====== Data shown ======
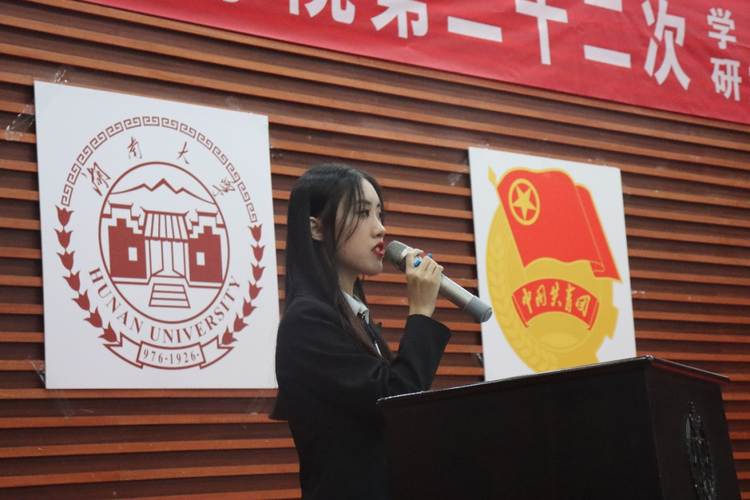 胡品老师为大会致辞。他充分肯定学院团委过去一年的工作成绩,希望学院新一届团学组织要深入学习习近平新时代中国特色社会主义思想,深入学习总书记《论党的青年工作》和在庆祝中国共产主义青年团成立100周年上的重要讲话精神,按照“四个始终成为”的要求,围绕国之大者、团之大计、学校大局、青年大事,推动工作守正创新、出彩出色,引领团员青年努力成为新时代经世致用领军人才,为建设富有历史文化传承的中国特色世界一流大学贡献力量,以优异成绩迎接党的二十大胜利召开。
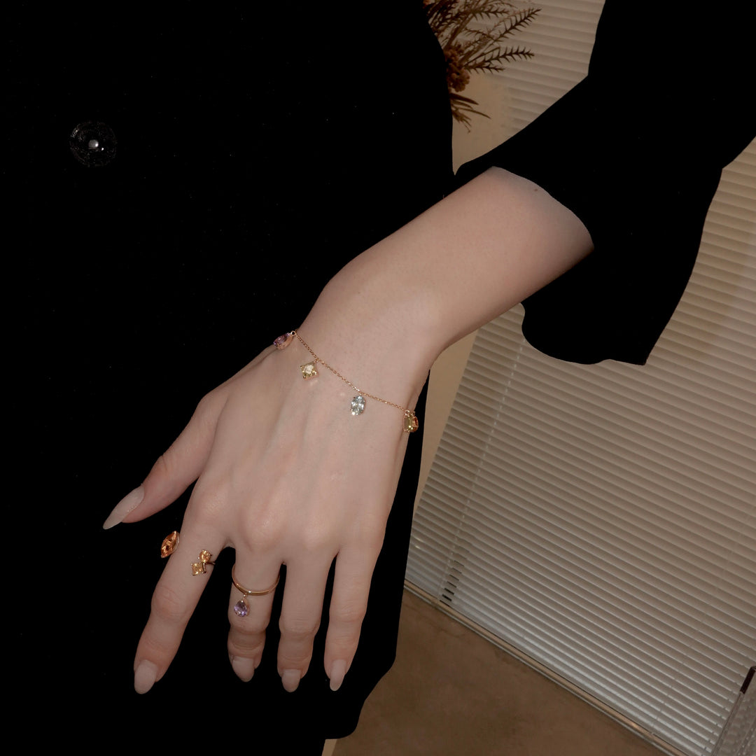 それぞれの石を星に見立て、等間隔に配置したブレスレット。 夜空に浮かぶ星のように決して均一ではなく、個々に個性を放っている様子をイメージし、様々なカラー、様々な形の石をセレクト。 チェーンは繊細ながらもそれを取り巻く星屑のように、それぞれが主張して手首で華やかに輝きます。 長さ調節のできるアジャスターつき。
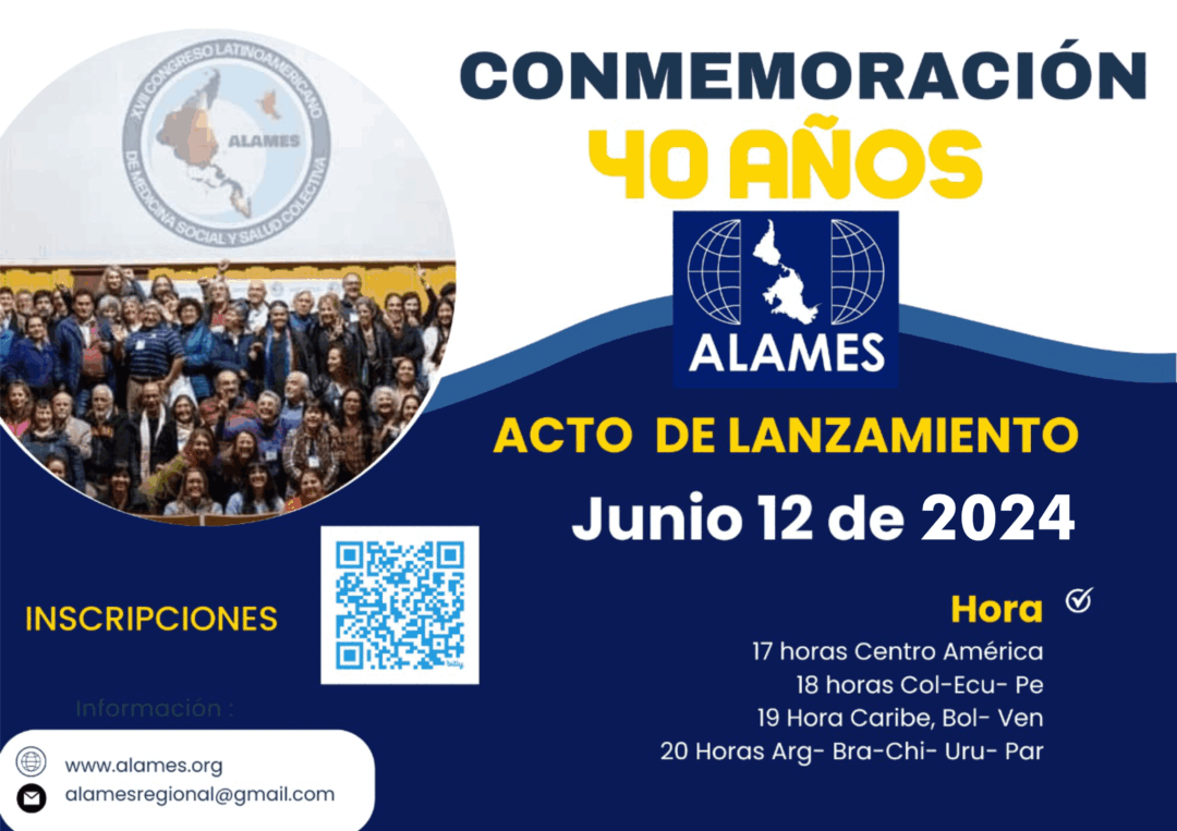 A Associação Latino-Americana de Medicina Social (Alames) celebra 40 anos nesta quarta-feira, 12/6. As comemorações incluem o lançamento de convocatória para apresentação de propostas analíticas e críticas que auxiliem na compreensão de sua trajetória e itinerário a se seguir nas próximas décadas. Acesse o link para as inscrições: https://bit.ly/3yyZcfq
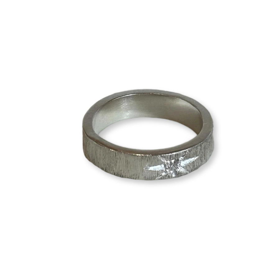 Forged in muted metal, the ring features a smooth, gently rounded form with no edges, no sharpness. Its brushed finish catches barely any light — by design. It is soft, steady, and subdued. Not yet the dawn — but the knowing that it’s coming.
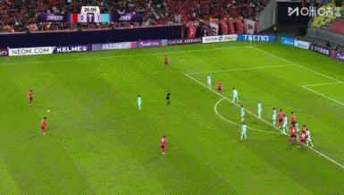 第27分钟,成都蓉城前场定位球,甘超主罚开到危险区域 内,李扬顶球攻门顶偏了↓
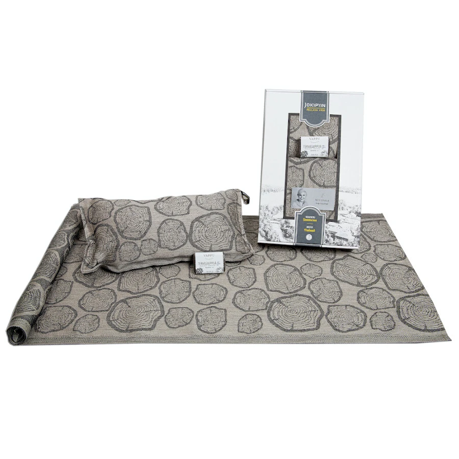 Jokipiin Pellavan mänty laudeliina, saunatyyny & tervasaippua lahjarasiassa on ihana kotimainen kesälahja. Mänty-laudeliina, saunatyyny kuuluvat Vappu Saunassa -mallistoon, joka huokuu rauhallista tunnelmaa ja luonnonläheisyyttä. Pirteä tervasaippua tuo aisteihisi suomalaisen mäntymetsän. Valmistettu Suomessa.
======
• **What you should do**: Only exact duplicates of the lines from the one containing "第27分钟,成都蓉城前场定位球,甘超主罚开到危险区域 内,李扬顶球攻门顶偏了↓" through the final line of the entries, both included, are needed, with pictures left out.

• **Result of the exercise**:
 第27分钟,成都蓉城前场定位球,甘超主罚开到危险区域 内,李扬顶球攻门顶偏了↓
 Jokipiin Pellavan mänty laudeliina, saunatyyny & tervasaippua lahjarasiassa on ihana kotimainen kesälahja. Mänty-laudeliina, saunatyyny kuuluvat Vappu Saunassa -mallistoon, joka huokuu rauhallista tunnelmaa ja luonnonläheisyyttä. Pirteä tervasaippua tuo aisteihisi suomalaisen mäntymetsän. Valmistettu Suomessa.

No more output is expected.